━━━━━ Material provided

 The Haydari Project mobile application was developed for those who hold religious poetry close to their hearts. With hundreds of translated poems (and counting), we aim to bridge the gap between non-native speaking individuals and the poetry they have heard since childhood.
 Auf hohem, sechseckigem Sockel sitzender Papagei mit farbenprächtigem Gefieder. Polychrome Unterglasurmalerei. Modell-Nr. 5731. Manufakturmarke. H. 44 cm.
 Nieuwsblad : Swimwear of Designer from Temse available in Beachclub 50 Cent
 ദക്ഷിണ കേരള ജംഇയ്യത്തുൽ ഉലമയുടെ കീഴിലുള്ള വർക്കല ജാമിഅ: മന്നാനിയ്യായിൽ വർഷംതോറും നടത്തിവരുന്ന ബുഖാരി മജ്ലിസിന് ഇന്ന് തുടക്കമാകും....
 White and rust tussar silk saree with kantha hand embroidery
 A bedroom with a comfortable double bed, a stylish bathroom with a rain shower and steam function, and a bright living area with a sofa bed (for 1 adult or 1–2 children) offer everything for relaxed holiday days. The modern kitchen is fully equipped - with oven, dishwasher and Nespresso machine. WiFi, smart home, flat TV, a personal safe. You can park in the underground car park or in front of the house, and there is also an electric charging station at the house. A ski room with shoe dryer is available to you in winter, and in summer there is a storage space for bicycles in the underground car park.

━━━━━━━━━━
━━━━━ Material provided

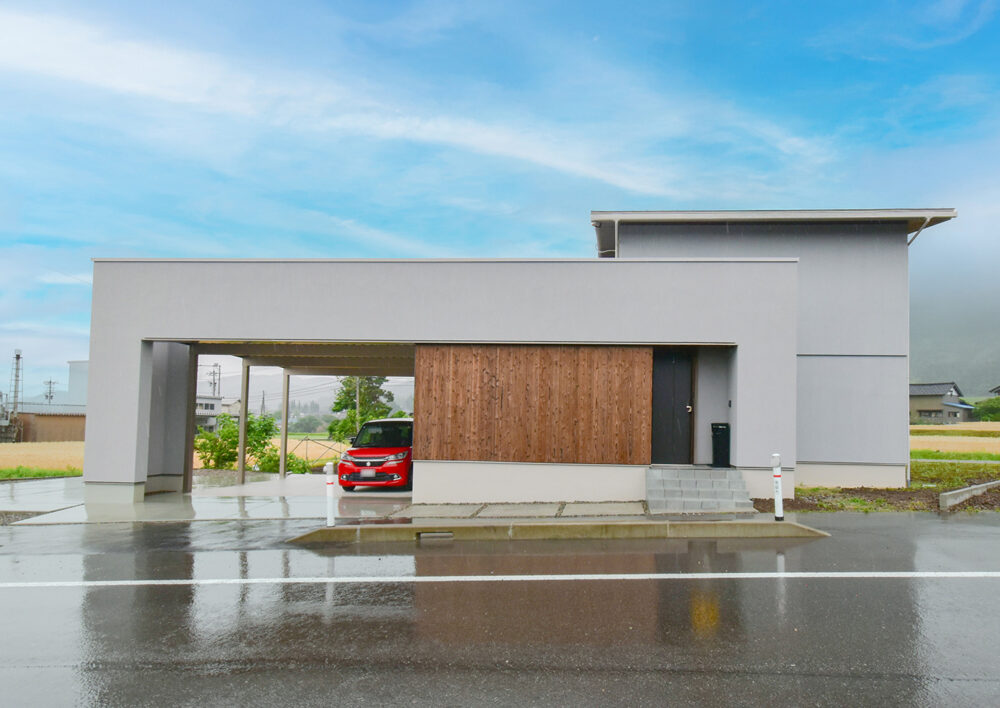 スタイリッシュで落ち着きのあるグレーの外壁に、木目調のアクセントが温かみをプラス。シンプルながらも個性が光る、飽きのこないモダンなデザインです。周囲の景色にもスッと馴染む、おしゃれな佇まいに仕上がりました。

━━━━━━━━━━

→ **Problem to work on**
The answer is the run of lines above from the line containing "Nieuwsblad : Swimwear" through the line containing "A bedroom with", copied exactly and alone.

→ **Reply to the task**
 Nieuwsblad : Swimwear of Designer from Temse available in Beachclub 50 Cent
 ദക്ഷിണ കേരള ജംഇയ്യത്തുൽ ഉലമയുടെ കീഴിലുള്ള വർക്കല ജാമിഅ: മന്നാനിയ്യായിൽ വർഷംതോറും നടത്തിവരുന്ന ബുഖാരി മജ്ലിസിന് ഇന്ന് തുടക്കമാകും....
 White and rust tussar silk saree with kantha hand embroidery
 A bedroom with a comfortable double bed, a stylish bathroom with a rain shower and steam function, and a bright living area with a sofa bed (for 1 adult or 1–2 children) offer everything for relaxed holiday days. The modern kitchen is fully equipped - with oven, dishwasher and Nespresso machine. WiFi, smart home, flat TV, a personal safe. You can park in the underground car park or in front of the house, and there is also an electric charging station at the house. A ski room with shoe dryer is available to you in winter, and in summer there is a storage space for bicycles in the underground car park.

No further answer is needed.